Knowing and interpreting the Money Lending Act is mandatory for all money lenders to do successful business. If you are thinking on the same lines it is important that you do the same.
In this Act special emphasis is given to the word “interest.” According to the Act, interest does not include any amount that is charged by a money lender on account of costs, expenses, fees or charges. However, this term includes any amount irrespective of the name by which it is called that is over and beyond the principal amount paid or payable to the money lender. This excess amount is in consideration of the loan or otherwise.
The act also specifies the term “principal” which literally means and involves amount that is in relation to a lent amount that is actually received by the borrower.
Recovery aspect Features of the Act
The Definition of Money Lending Act is also very specific about the recovery aspect of the money lent. Especially, where the proceedings are taken to any court by aReopeningperson for the recovery of the money lent. This is applicable in all the following conditions:
- It can be before or after this Act commences
- After the enforcement of transactions according to the agreement
- When specific security is made or taken in for the money lent either after or even before the commencement of this Act and
- If there is enough evidence that satisfies the court that the interest charged is excessive in respect of the amount of money actually lent.
The court will also take a few other amounts charged apart from the interest into consideration such as:
- Foreclosure or any other charge which is deemed to be excessive in comparison.
The Act is also very particular about other aspects of liberty lending USA. The Act specifies that no transaction under any circumstances should be unconscionable or harsh. In such situations it allows the court to reopen the transaction and take an account between the two parties. The court will not withstand any statement, settlement of the account, security, any note, or any agreement contending to close the previous dealings and to create an entirely new obligation.
The Act is also very specific about reopening any account that already exists between the two parties. This will relieve the person against whom a lawsuit is filed alleging that payments are received in excess of the amount adjudicated by the court and which is considered to be fairly chargeable and owing in respect of the actual principal, interest and other charges. In such situations, the court considers all other aspects with regards to the risks involved and all other theoretical circumstances that may adjudge the situation to be reasonable
Moreover, if the borrower has paid any such excess amount or has been allowed in by the money lender such consideration will also be made.
In short, as per this specific section of the money lending Act nothing is construed as derogating or beyond the jurisdiction or existing powers of the court.
A few exemptions
There may be specific proceedings in respect of any money lending where exemption can be considered on the money lent after the commencement of this Act. This is once again with respect to the interest of the loan agreement or the security made or taken after the commencement of this Act.
- The Act says that either before or after the commencement of this Act if it is found that the interest charged on the sum of money lent is in excess of the prescribed rate per annum, the court has the right to consider such transaction to be harsh and unconscionable unless it is proved on the contrary.
- This presumption by the court is made as per section 2 of the money lending Act that the amount of interest charged is excess. However, this provision will be made without any prejudice to the powers and jurisdiction of the court under this specific section. All that is required is that the court must be satisfied that the interest amount charged is exceeding the prescribed amount.
In this section, the terms “prescribed rate” means such a rate fixed by the Finance Ministry from time to time for a year.

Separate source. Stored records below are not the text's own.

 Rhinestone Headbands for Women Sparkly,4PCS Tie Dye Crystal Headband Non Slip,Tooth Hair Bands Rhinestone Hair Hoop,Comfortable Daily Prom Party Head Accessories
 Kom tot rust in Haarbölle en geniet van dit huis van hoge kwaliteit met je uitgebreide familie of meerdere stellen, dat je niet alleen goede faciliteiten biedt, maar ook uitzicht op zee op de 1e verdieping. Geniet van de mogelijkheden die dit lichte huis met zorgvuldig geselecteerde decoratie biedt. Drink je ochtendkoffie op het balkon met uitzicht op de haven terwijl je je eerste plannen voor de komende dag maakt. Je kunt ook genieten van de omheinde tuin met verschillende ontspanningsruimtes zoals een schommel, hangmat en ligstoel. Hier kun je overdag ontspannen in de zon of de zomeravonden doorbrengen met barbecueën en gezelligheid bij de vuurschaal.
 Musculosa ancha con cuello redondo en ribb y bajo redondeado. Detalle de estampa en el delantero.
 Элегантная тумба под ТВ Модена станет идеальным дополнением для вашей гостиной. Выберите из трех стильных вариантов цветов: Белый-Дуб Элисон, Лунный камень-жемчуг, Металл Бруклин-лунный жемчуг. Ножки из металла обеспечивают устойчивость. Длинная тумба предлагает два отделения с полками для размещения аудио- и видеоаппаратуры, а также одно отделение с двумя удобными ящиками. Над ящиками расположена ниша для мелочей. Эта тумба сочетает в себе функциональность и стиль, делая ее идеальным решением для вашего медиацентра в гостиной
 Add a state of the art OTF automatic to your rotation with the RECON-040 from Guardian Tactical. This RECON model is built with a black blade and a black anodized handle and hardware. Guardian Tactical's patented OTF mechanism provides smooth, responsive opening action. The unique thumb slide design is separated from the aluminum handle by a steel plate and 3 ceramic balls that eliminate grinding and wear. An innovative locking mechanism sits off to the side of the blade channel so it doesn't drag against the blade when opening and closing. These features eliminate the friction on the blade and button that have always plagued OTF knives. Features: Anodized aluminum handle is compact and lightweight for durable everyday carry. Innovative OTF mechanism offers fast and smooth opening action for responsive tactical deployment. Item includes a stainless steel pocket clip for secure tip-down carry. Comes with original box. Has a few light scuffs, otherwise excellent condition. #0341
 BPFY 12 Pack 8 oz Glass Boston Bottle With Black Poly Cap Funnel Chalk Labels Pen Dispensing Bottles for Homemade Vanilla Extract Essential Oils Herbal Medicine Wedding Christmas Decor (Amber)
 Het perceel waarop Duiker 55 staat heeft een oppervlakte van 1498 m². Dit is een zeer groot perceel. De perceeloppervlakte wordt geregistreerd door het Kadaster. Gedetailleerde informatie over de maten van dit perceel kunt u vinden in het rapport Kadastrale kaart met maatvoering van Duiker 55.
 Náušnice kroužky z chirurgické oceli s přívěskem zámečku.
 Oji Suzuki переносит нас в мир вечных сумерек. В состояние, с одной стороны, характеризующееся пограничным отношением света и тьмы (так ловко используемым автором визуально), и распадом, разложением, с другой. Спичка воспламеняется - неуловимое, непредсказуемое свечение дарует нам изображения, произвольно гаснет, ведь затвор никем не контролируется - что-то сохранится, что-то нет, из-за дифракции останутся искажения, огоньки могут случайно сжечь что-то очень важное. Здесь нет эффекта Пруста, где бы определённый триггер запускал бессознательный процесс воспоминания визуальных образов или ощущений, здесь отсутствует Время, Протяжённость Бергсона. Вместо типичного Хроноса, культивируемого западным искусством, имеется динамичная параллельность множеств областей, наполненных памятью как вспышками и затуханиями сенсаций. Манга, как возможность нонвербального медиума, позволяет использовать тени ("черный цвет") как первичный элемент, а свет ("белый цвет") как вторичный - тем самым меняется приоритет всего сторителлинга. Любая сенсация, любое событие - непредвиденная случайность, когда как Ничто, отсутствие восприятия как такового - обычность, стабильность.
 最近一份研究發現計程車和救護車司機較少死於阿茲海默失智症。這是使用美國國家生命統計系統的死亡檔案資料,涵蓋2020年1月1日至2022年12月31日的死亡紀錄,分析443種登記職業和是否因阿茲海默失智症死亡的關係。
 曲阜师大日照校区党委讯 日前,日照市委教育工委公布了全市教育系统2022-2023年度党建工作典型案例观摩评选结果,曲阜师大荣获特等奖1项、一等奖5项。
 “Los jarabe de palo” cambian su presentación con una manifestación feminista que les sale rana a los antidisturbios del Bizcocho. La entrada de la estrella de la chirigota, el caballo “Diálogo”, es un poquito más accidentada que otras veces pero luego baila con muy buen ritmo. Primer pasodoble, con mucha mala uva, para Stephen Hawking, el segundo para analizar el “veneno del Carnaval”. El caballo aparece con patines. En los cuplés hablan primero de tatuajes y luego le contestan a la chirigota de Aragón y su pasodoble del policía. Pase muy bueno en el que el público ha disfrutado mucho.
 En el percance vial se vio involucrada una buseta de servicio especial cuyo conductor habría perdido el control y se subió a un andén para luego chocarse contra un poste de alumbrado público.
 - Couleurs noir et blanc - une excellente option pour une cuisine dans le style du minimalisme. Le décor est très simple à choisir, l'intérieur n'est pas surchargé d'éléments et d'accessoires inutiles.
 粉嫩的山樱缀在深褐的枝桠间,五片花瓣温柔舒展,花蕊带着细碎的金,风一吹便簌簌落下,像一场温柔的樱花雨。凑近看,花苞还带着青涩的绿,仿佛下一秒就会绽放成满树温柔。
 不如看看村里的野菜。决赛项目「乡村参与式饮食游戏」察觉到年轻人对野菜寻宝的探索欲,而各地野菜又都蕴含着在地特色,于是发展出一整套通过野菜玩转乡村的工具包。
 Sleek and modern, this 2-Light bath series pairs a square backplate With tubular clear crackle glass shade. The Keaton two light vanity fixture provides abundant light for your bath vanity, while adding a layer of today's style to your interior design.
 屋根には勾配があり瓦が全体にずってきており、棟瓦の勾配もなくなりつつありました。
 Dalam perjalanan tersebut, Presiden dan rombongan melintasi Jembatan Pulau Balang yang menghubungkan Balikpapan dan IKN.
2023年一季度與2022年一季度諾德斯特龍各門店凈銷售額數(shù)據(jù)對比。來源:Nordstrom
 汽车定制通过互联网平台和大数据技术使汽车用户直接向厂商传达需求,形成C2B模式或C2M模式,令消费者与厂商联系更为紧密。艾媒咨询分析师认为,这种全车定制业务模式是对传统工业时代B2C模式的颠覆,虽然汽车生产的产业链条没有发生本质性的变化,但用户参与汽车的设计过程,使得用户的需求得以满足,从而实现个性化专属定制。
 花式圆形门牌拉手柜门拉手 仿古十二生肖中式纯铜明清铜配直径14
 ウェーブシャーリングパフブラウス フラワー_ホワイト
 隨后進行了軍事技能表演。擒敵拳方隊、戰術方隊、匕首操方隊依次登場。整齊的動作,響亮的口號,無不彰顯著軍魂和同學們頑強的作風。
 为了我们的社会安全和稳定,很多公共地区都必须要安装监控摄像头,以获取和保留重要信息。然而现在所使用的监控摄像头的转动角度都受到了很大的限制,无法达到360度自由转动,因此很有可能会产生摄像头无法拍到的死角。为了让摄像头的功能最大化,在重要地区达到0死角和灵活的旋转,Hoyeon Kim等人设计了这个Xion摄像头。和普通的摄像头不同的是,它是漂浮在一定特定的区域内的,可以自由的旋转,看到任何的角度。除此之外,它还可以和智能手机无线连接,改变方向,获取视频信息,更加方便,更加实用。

Anything beyond that is considered to be excessive.
Act of bad faith
The money lending Act ensures that the all lenders act in good faith while lending money and follows the best practice. The Act has specified a few practices that are considered to be lending in good faith. Any variance will be considered to be unfair. Some of the practices enlisted that are considered to be bad are:
- Making any false, misleading, or deceptive statement
- Representing or promising any dishonest statement
- Concealing material facts and
- Inducing or attempting to induce borrowers fraudulently.
It also says that any lender making the borrowers agree to the terms on which the money is lent or is to be borrowed in ways that are as good as committing an offense shall be liable according to the Act for conviction.
- In such a situation the convict has to appear before a Resident Magistrate and will be liable to pay a fine not exceeding one hundred thousand dollars or even face imprisonment for a term not exceeding two years or both.
- The moneylender may also be considered guilty if any document is issued or published by him or on behalf of him does not indicate the rates of interest and terms of the loan. The rate of interest charged per annum should be as proposed by the Ministry.
- Any money lender that disregards the provisions of the Act will be deemed to have committed an offense and summarily be liable to a fine or imprisonment or both as mentioned above after appearing before the Resident Magistrate.
To sum up, if any aspect of money lending contravenes the provisions of the Money Lending Act, it will be considered to be illegal unless the lender can prove that the contravention befell without his connivance or consent.